En efecto, allí estaba Hécules Poirot, el sagaz detective.
—¡Yo en persona. En cierta ocasión me dijo: "Si alguna vez se pierde en aquella parte del mundo, venga a verme." Acepté su invitación, ¿lo recuerda?
—¡Me siento encantado —aseguró Harrison sinceramente—. Siéntese y beba algo.
Su mano hospitalaria le señaló una mesa en el pórtico, donde había diversas botellas.
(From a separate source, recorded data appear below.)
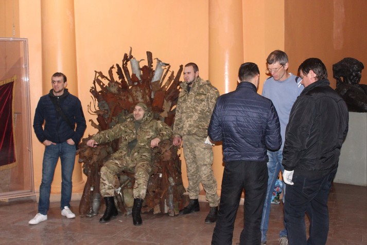 Вчора, 14 березня, відбулась офіційна презентація «трону» як музейного експонату під час відкриття виставки, присвяченої українським добровольцям.
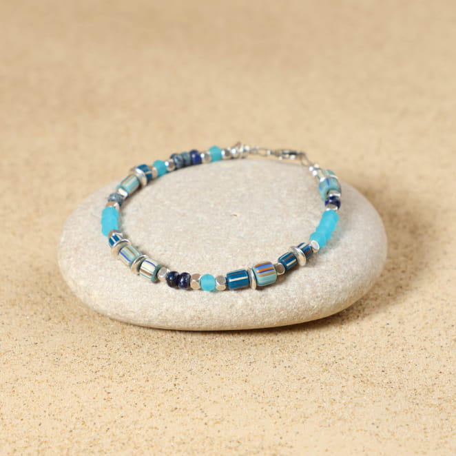 Soulignez votre personnalité avec notre bracelet homme en perles Match, une création artisanale unique. Ce bijou, inspiré par le bord de mer, met en valeur votre poignet en combinant des matériaux naturels : rocaille de verre bleu et jaspe impérial bleu. Les détails des nuances de couleurs, des matériaux et des formes variées ajoute une touche d'originalité et de modernité à votre style !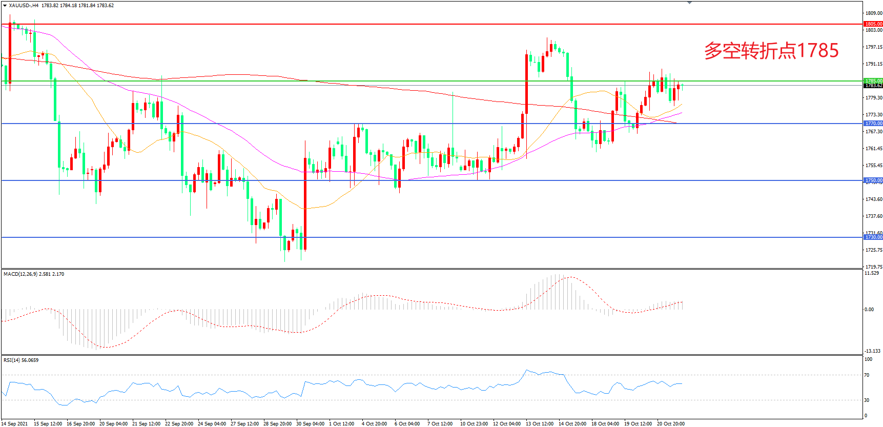 多空转折点:1785.00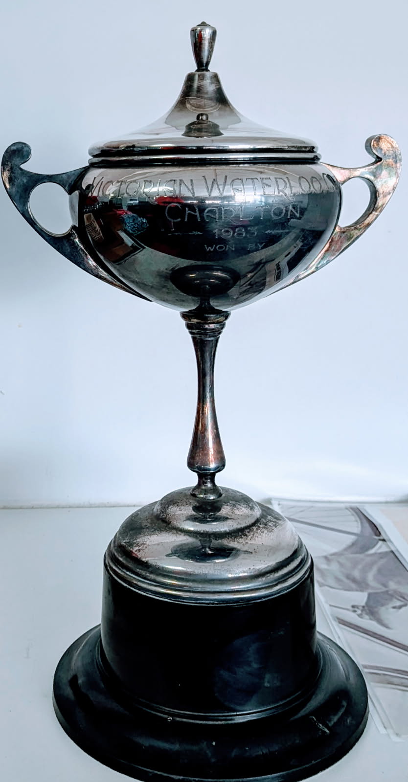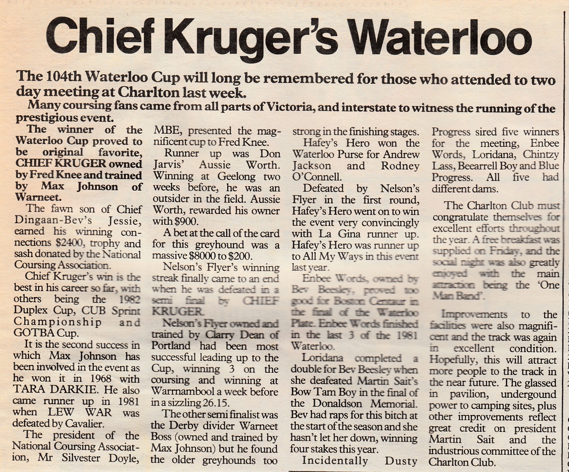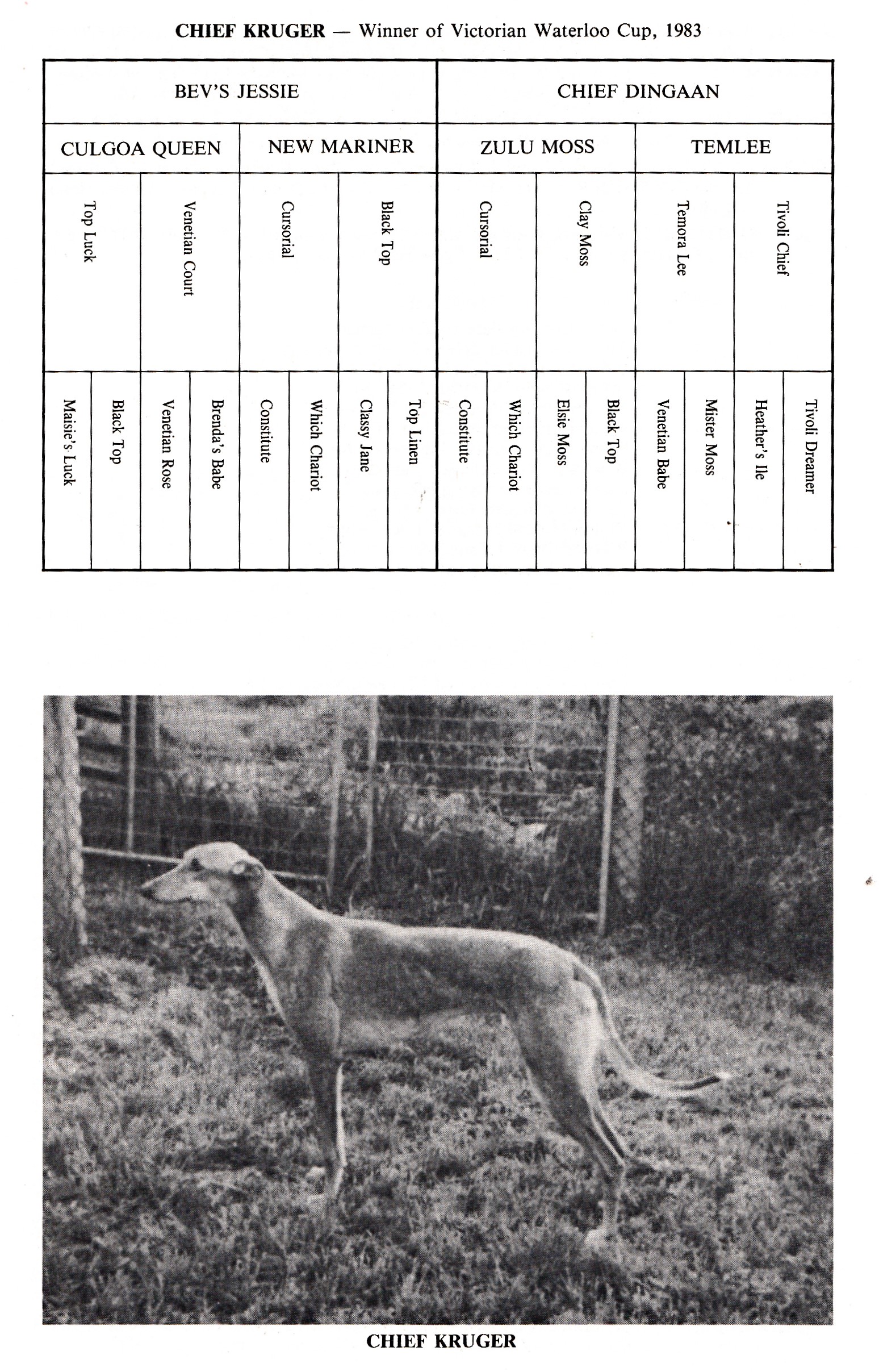 1983 Waterloo Cup winner Chief Kruger raced by Fred Knee and trained by the great Max Johnson who started putting the polish on Chief Kruger in June of 83. Fred brought Chief Kruger and his litter sister Jessie Dingaan as pups from their breeders the Kruger family. By super race dog Chief Dingaan from Bev’s Jessie they were June 1980 whelps. Held at Charlton the Cup consisted of 52 all aged coursing performers. Chief Kruger beat the well performed Nelson’s Flyer in the semi-final then was too good for Aussie Worth bred raced and trained by veteran greyhound man Donnie Javis. The Trophy was donated to Museum when found by accident in Croydon. Photos include the late Fred Knee with Trophy and Chief Kruger in his yard at home.
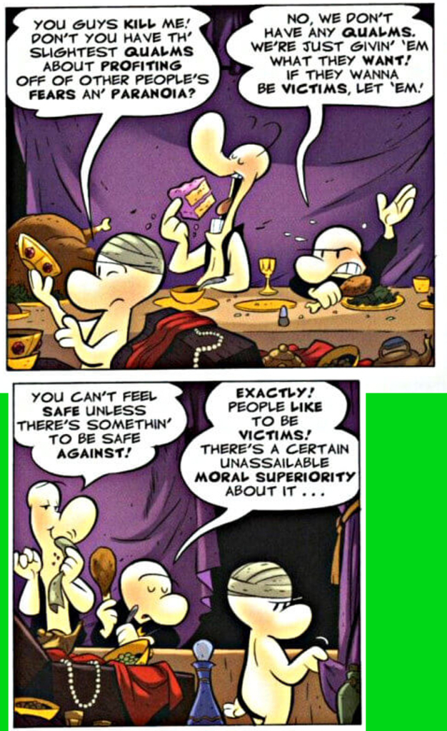 Plus, this story had one moment of exposition genius in it. A life lesson that is relevant to today, with regard to society. A brief segment where they talk about the moral superiority complex one gains from victimhood mentality.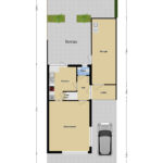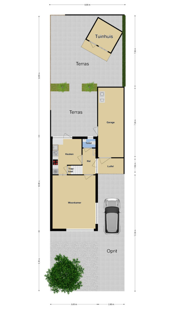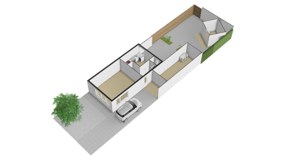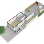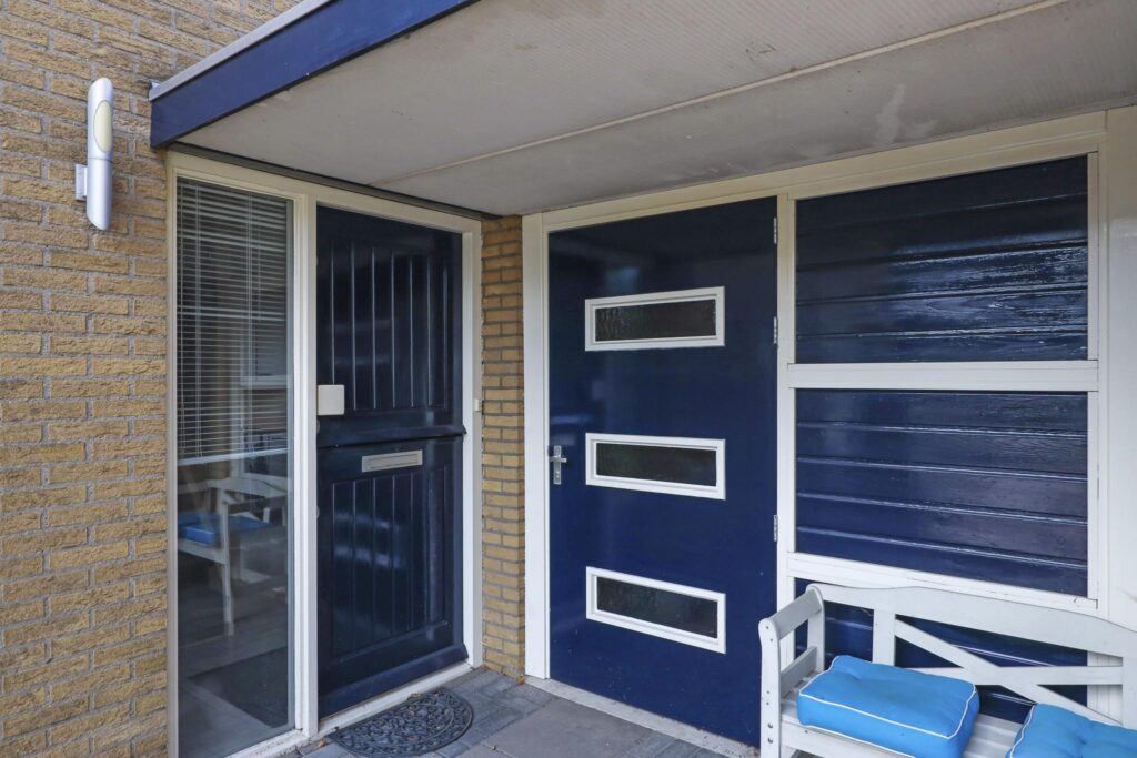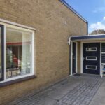Vóór de garage is de oprit gelegen. Deze is lang genoeg om 2 auto’s achter elkaar te parkeren. Een overstek van het platte dak zorgt voor een luifel bij de voordeur waardoor je hier altijd droog staat. In de praktijk zien we wel eens dat men hier de hal vergroot door onder het overstek uit te bouwen. Daardoor creëer je eenvoudig een grotere hal én de mogelijkheid om bijvoorbeeld een kantoor of praktijk aan huis te houden.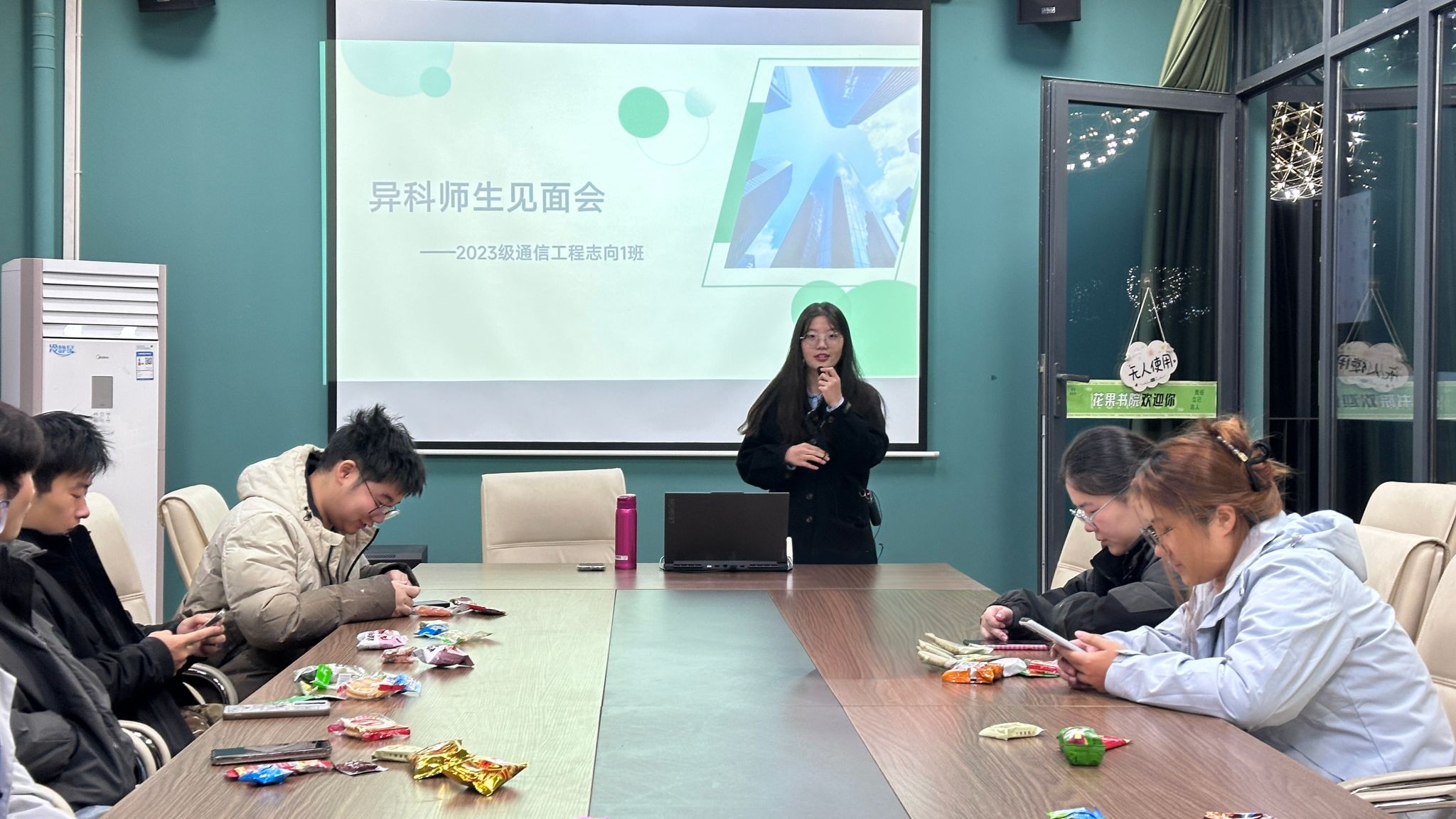 为帮助2023级通信工程志向1班学生更好地规划大学生涯发展,搭建师生交流平台,11月19日晚上,谭红异科导师小组成员在花果书院3号楼大型会议室开展了“大学下半场,绘制你的专属升级地图”主题见面会。本次活动围绕大学生涯规划、能力提升路径等话题展开深入交流,为后续异科导师工作的开展奠定了坚实基础。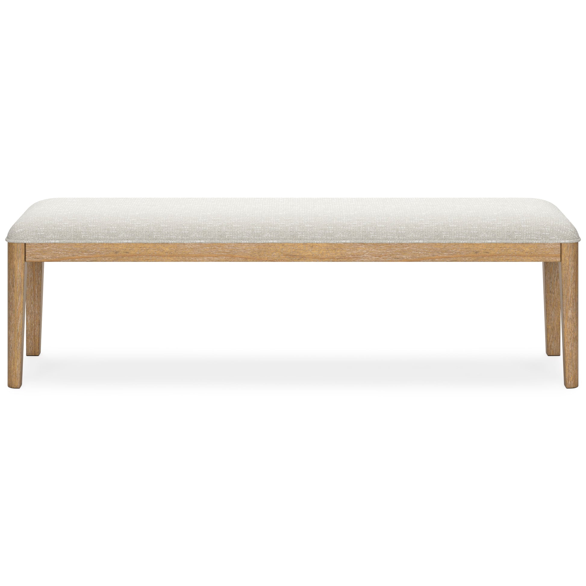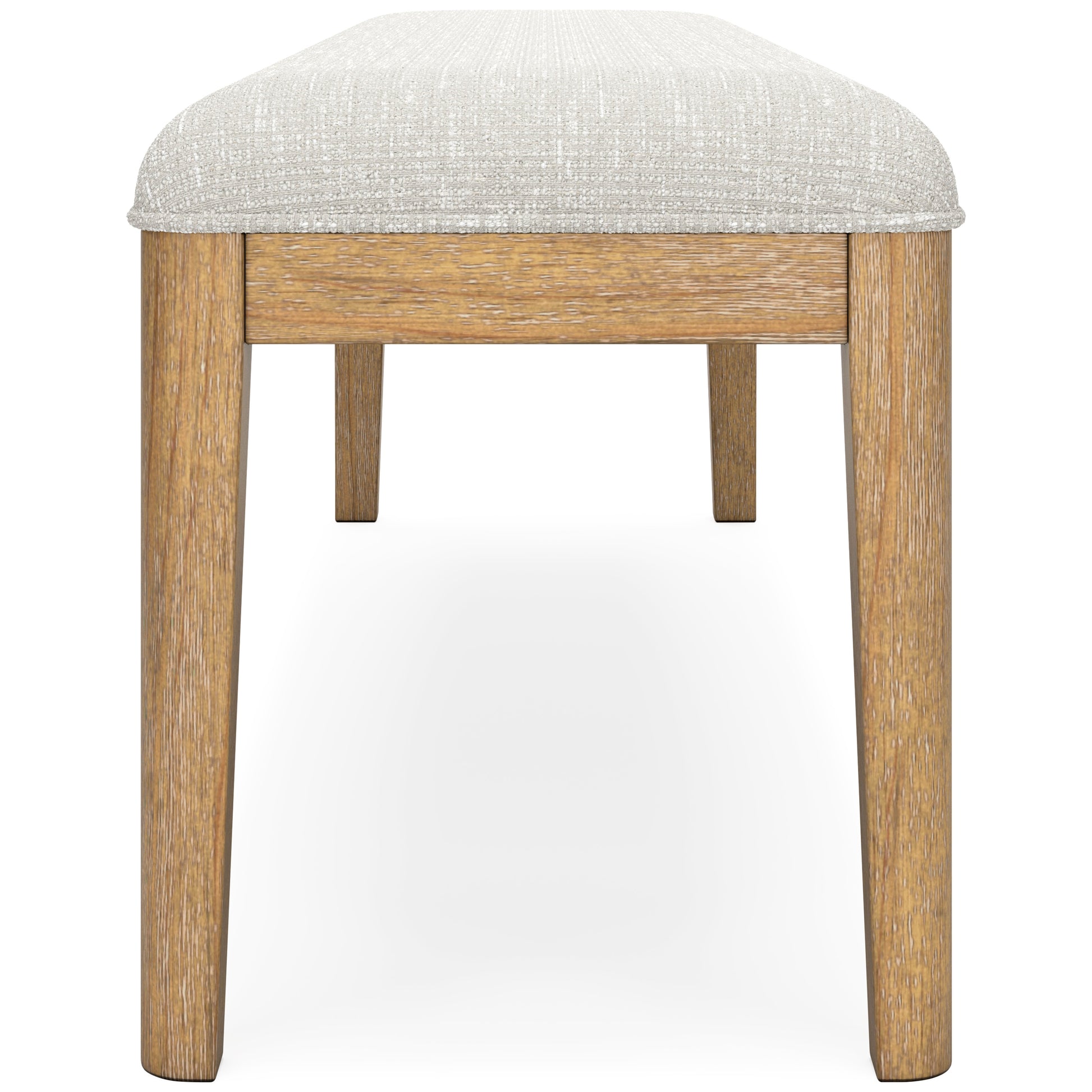 • This dining bench's classic yet contemporary good looks are hard to deny. Its softly cushioned seat in a woven fabric adds a comfortably cozy dimension to everyday seating or when guests gather. With a light oak finish and wire-brushed wood grain texture, this bench lends an organic appeal to your delicious dining space ... or wherever family and guests gather.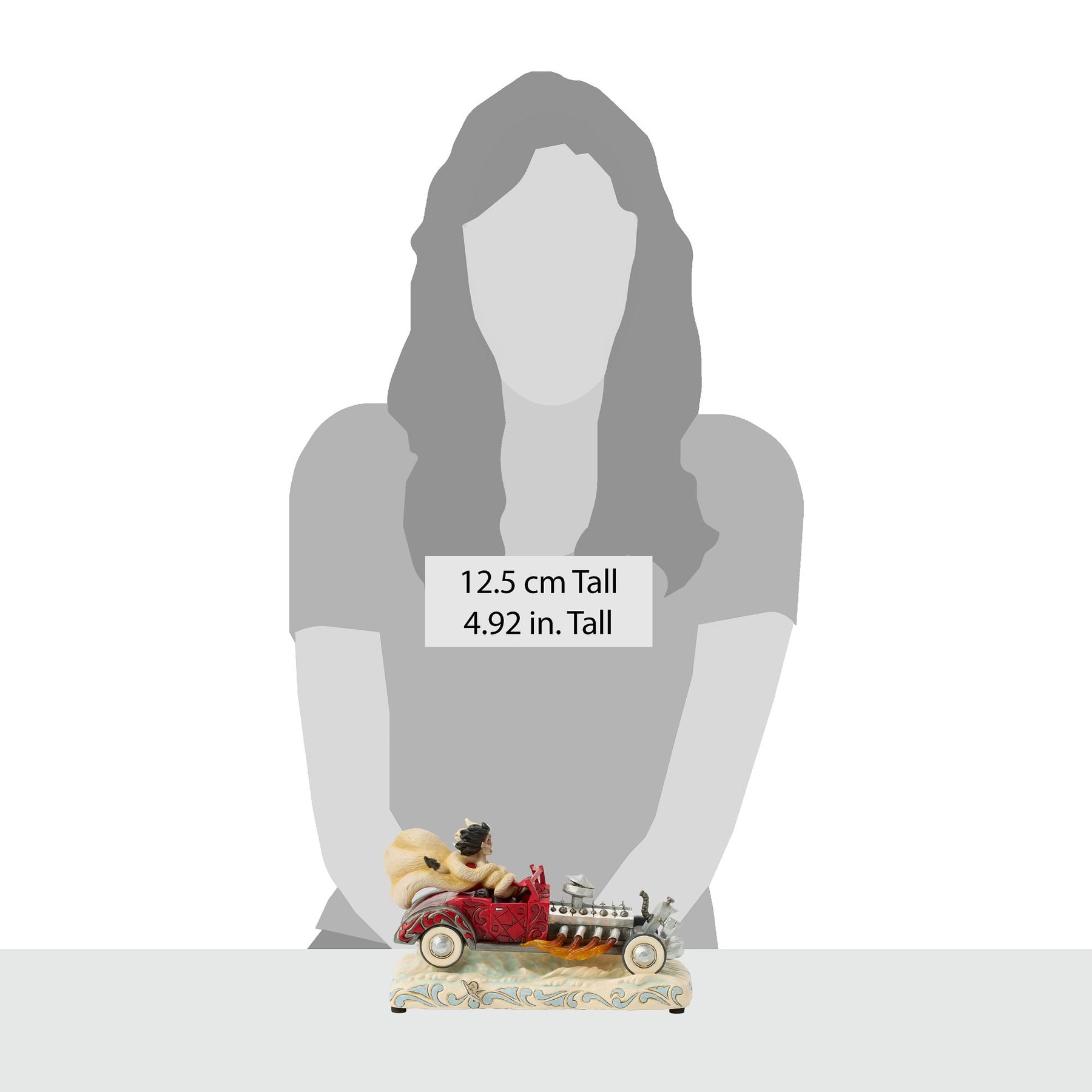 Celebrating the 65th anniversary of 101 Dalmatians, Jim Shore captures Cruella de Vil speeding in her red car adorned with rosemaling and patchwork. Flames burst from the engine as her wild hair and fur coat fly in tune to her signature melody.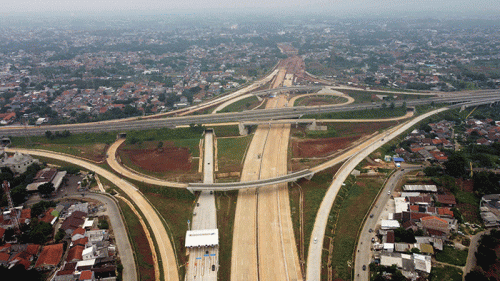IDXChannel - Foto udara pembangunan tol di kawasan simpang susun krukut di Limo, Depok, Jawa Barat, Selasa (31/1/2023).

—Gracias —repuso Poirot dejándose caer en un sillón de mimbre—. ¿Por casualidad no tiene jarabe? No, ya veo que no. Bien, sírvame un poco de soda, por favor whisky no —su voz se hizo plañidera mientras le servían—. ¡Cáspita, mis bigotes están lacios! Debe de ser el calor.
—¿Qué le trae a este tranquilo lugar? —preguntó Harrison mientras se acomodaba en otro sillón —¿Es un viaje de placer?